(DATASET EXCERPT)

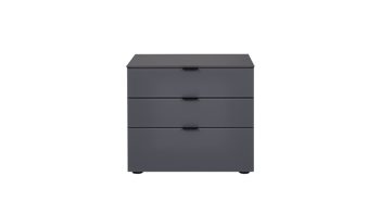 Mit ihren kreidegrauen Mattlackoberflächen verkörpert die Nachtkommode Bonnie moderne Eleganz. Schwarze Metallgriffe und schlichte, praktisch höhenverstellbare Möbelgleiter runden das stilvolle Design harmonisch ab. Zu den qualitativen Höhepunkten gehören überdies die widerstandsfähigen abgerundeten Dickkanten.
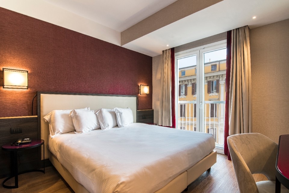 The issue of acoustic and energy efficiency was faced by collaborating with Schüco PWS Italia, choosing windows with reduced view sections made of Schüco LivIng PVC, which lowered the sound by 48 decibels. “The majority of the hotel rooms face the street, so it was necessary to achieve a sound reduction that met hotel standards,” Marcello Ceccaroli concludes.
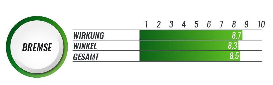 Im Lieferumfang des Rollerblade Tempest 110 c ist eine Bremse enthalten. Diese kann bei Bedarf einfach montiert werden. Eine entsprechende längere Achsen zur Montage ist natürlich auch im Umfang enthalten. Die Wirkung der Bremse ist sehr gut, der Stopper hat gute Verschleisswerte, lediglich der Winkel der Bremse ist für kleinere Personen mit einer Gewöhnungsphase verbunden. Dies hängt aber sicherlich auch mit der Schienenlänge von 13,2“ zusammen.

(End DATASET EXCERPT)

• **ASSIGNMENT**
Copy out the full material exactly. Pictures should not appear in it.

• **YOUR RESPONSE**
 Mit ihren kreidegrauen Mattlackoberflächen verkörpert die Nachtkommode Bonnie moderne Eleganz. Schwarze Metallgriffe und schlichte, praktisch höhenverstellbare Möbelgleiter runden das stilvolle Design harmonisch ab. Zu den qualitativen Höhepunkten gehören überdies die widerstandsfähigen abgerundeten Dickkanten.
 The issue of acoustic and energy efficiency was faced by collaborating with Schüco PWS Italia, choosing windows with reduced view sections made of Schüco LivIng PVC, which lowered the sound by 48 decibels. “The majority of the hotel rooms face the street, so it was necessary to achieve a sound reduction that met hotel standards,” Marcello Ceccaroli concludes.
 Im Lieferumfang des Rollerblade Tempest 110 c ist eine Bremse enthalten. Diese kann bei Bedarf einfach montiert werden. Eine entsprechende längere Achsen zur Montage ist natürlich auch im Umfang enthalten. Die Wirkung der Bremse ist sehr gut, der Stopper hat gute Verschleisswerte, lediglich der Winkel der Bremse ist für kleinere Personen mit einer Gewöhnungsphase verbunden. Dies hängt aber sicherlich auch mit der Schienenlänge von 13,2“ zusammen.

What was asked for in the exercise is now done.